Figure 1

Mammalian nucleotide excision repair (NER). NER removes a wide variety of helix-distorting lesions from DNA, including those induced by UV light [20]. NER is executed by two different damage-detection mechanisms, which utilize the same machinery to excise and repair the damage. Transcription-coupled NER (TC-NER) is initiated by stalling of RNA polymerase 2 on a lesion present in the transcribed strand of active genes, and depends on recruitment of the CSA and CSB proteins. Other lesions are removed by global genome NER (GG-NER), which is initiated by the UV-DDB ubiquitin ligase complex and the heterotrimeric XPC/RAD23/CETN2 complex. Following detection, the transcription factor II H (TFIIH) complex is recruited, and unwinds a stretch of approximately 30 nucleotides around the damage, providing access for other repair factors.
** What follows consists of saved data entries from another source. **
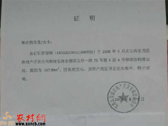 2013年8月1日給苗郁林出具苗郁林購(gòu)房和房屋產(chǎn)權(quán)證正在辦理中的證明。
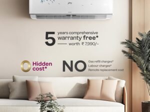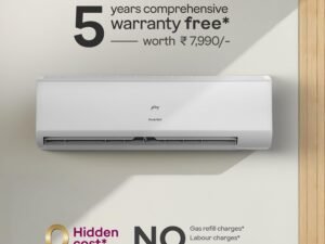 Godrej 1.5 Ton 5 Star, 5 Years Comprehensive Warranty, AI powered, 5-In-1 Convertible Cooling Inverter Split AC (Copper, 2025 Model, Heavy Duty Cooling at 52 °C, AC 1.5T EI 18II5T WZS Split 5S, White)
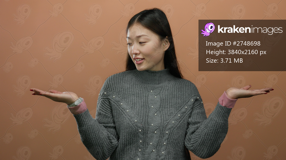 Woman gesturing with open palms against a brown wall, wearing a grey sweater, conveying choice or presentation with a calm expression.
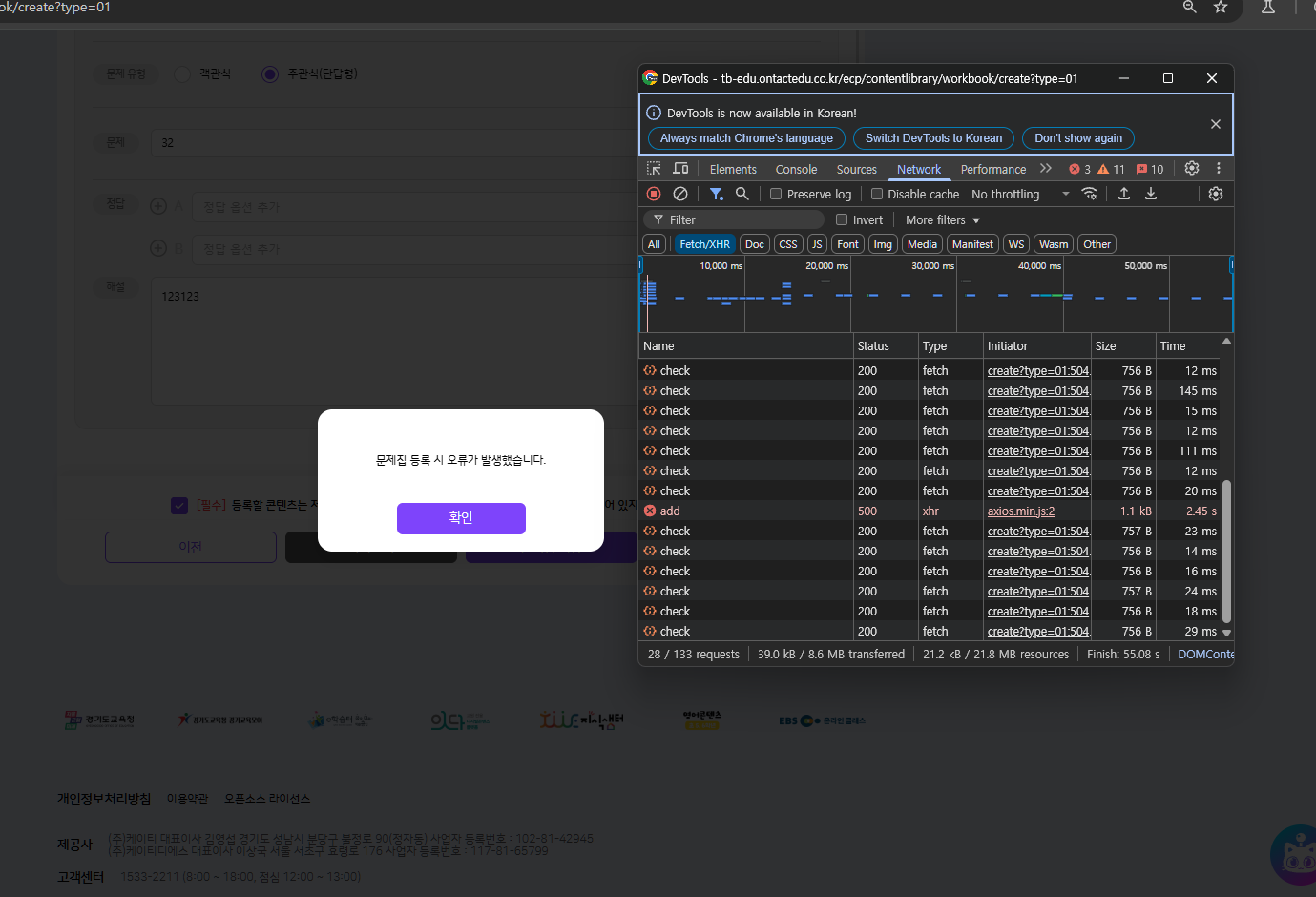 | Description | 직접 출제 이미지 첨부 용량 1MB 초과 시 오류 팝업 노출 'add 500' 상용 : 8MB 정상 등록 확인 TB : 500KB 는 등록 확인했으나 1MB 초과 시 팝업 노출 | ||||
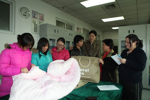 近日,氣溫驟降,天氣寒冷,為了使每一位貧困生溫暖過冬,信息工程學院專門為 2009 級貧困學生每人發放一床棉被,將溫暖送到同學們心坎上。
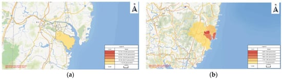 In the case of hydrogen chloride, the extent of the KORA damage predictions results in issuing chemical accident summaries to 2,555,183 people in the surrounding area. This means that not only information summaries are transmitted, but also that various social network infrastructures are required from the local governments (e.g., city hall or county offices), fire departments, police stations, and hospitals to support injured people. Conversely, when modeling with ALOHA or PHAST, support for 10,032 and 159,920 people is relatively low. The difference in the number of people is likely to lead to a larger distribution gap for industrial factories in areas with higher population density. Also, by showing different results for different modeling programs, it demonstrates that the modeling program cannot know exactly how many people will actually be affected by a chemical accident. However, in order to take the highest precautions against chemical accidents, many modeling program predictions are required and must be properly managed.
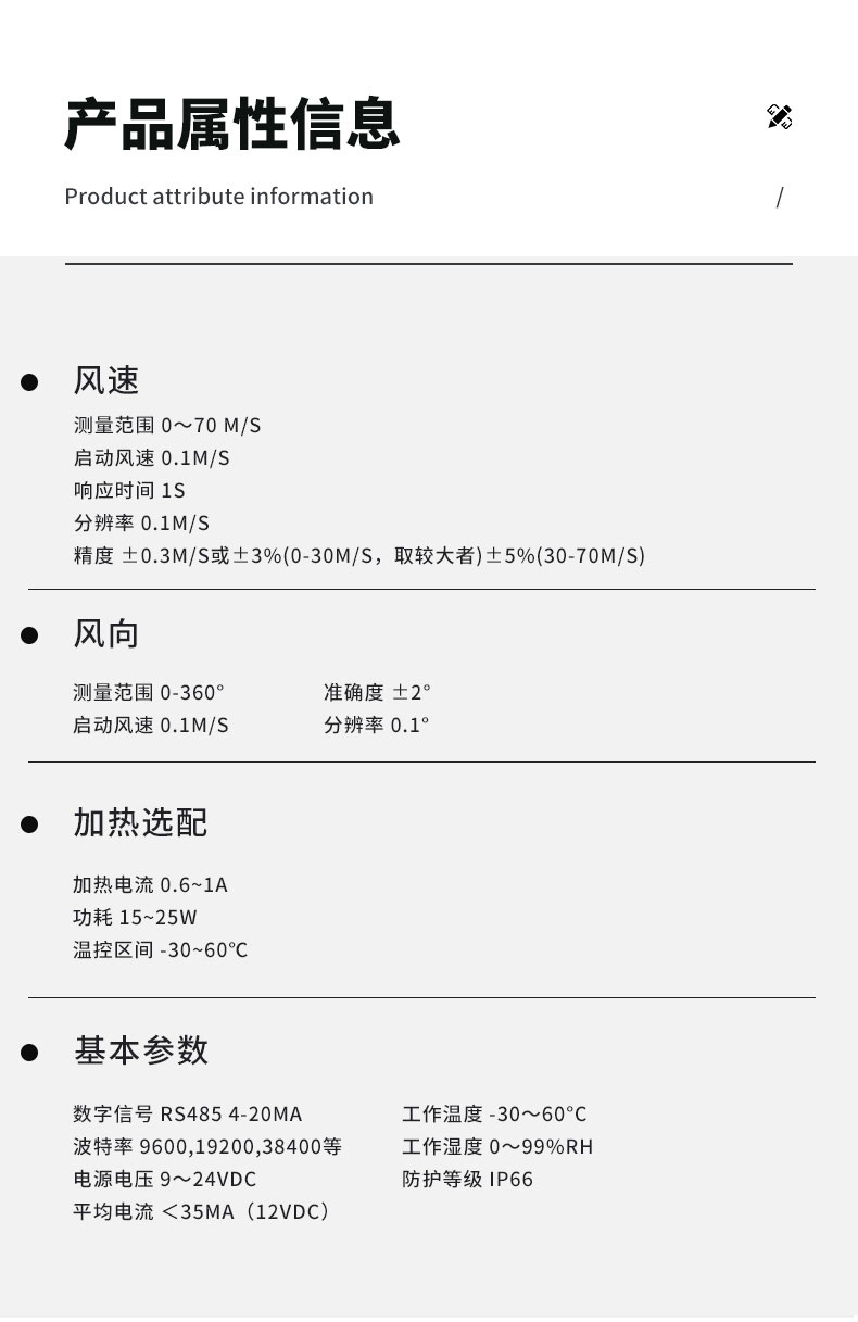 | 精度 | ±0.3m/s或±3%(0-30m/s,取较大者)±5%(30-70m/s) | |
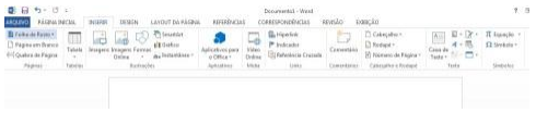 Guia Inserir: Esta guia permite inserir imagens, símbolos, cabeçalhos, tabelas, gráficos, número de página e algumas novidades como a de Inserir Vídeo Online.
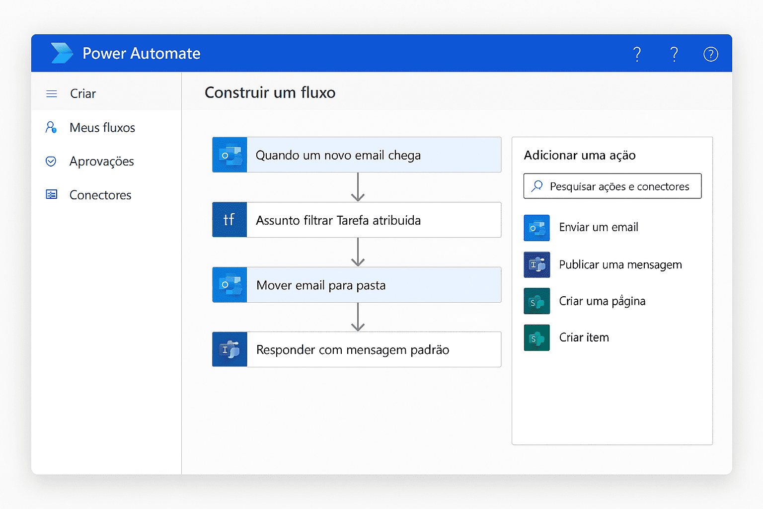 Para lidar com um grande volume de e-mails, imagine que todo início de mês, um setor de vendas recebe dezenas de mensagens com relatórios de diferentes áreas. Para manter a organização, os profissionais envolvidos precisam arquivar cada mensagem e enviar uma resposta padrão confirmando o recebimento. O Power Automate pode identificar os e-mails com base no assunto, arquivá-los na pasta correta e enviar automaticamente a resposta, liberando o tempo de cada profissional para tarefas mais estratégicas, como a análise detalhada dos relatórios.
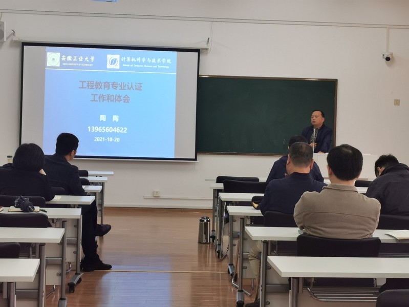 为深入推动工程教育专业认证工作,加快计算机科学与技术一流专业建设,信息工程公司10月20日召开工程教育认证工作会议,邀请安徽工业大学计算机科学与技术公司陶陶副经理作工程教育认证工作经验分享。会议由郭红建副经理主持,计算机专业负责人杨国为教授、系主任崔应留及工程教育认证工作组全体教师参与了学习和研讨。
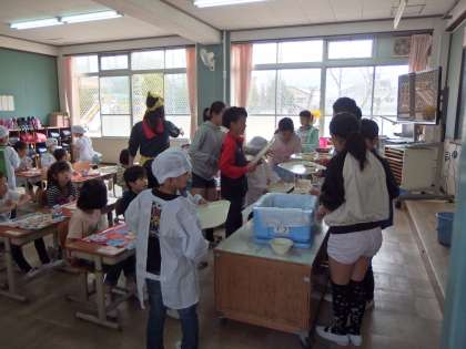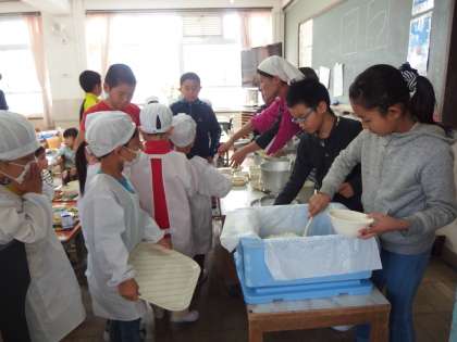 先週から始まった給食ですが,1年生はわからないことばかり…。そこで5年生のお兄さん,お姉さんがお手伝い!食器におかずを入れたり,配膳をしたり,優しく教えています。早く1年生だけでできるようになるといいですね。

The DNA-binding proteins XPA and RPA are thought to stimulate the translocation and damage-verification activity of TFIIH and to stabilize and orient the XPF/ERCC1 and XPG endonucleases, which subsequently incise the DNA around the damage. After excision of the damaged strand, the resulting gap of 25 to 29 nucleotides is filled in by DNA synthesis and ligation, involving replication factors such as PCNA and RFC, DNA polymerases δ, ε and κ, and final sealing of the gap by DNA ligases I and III. For clarity, not all proteins known to be involved in NER are shown.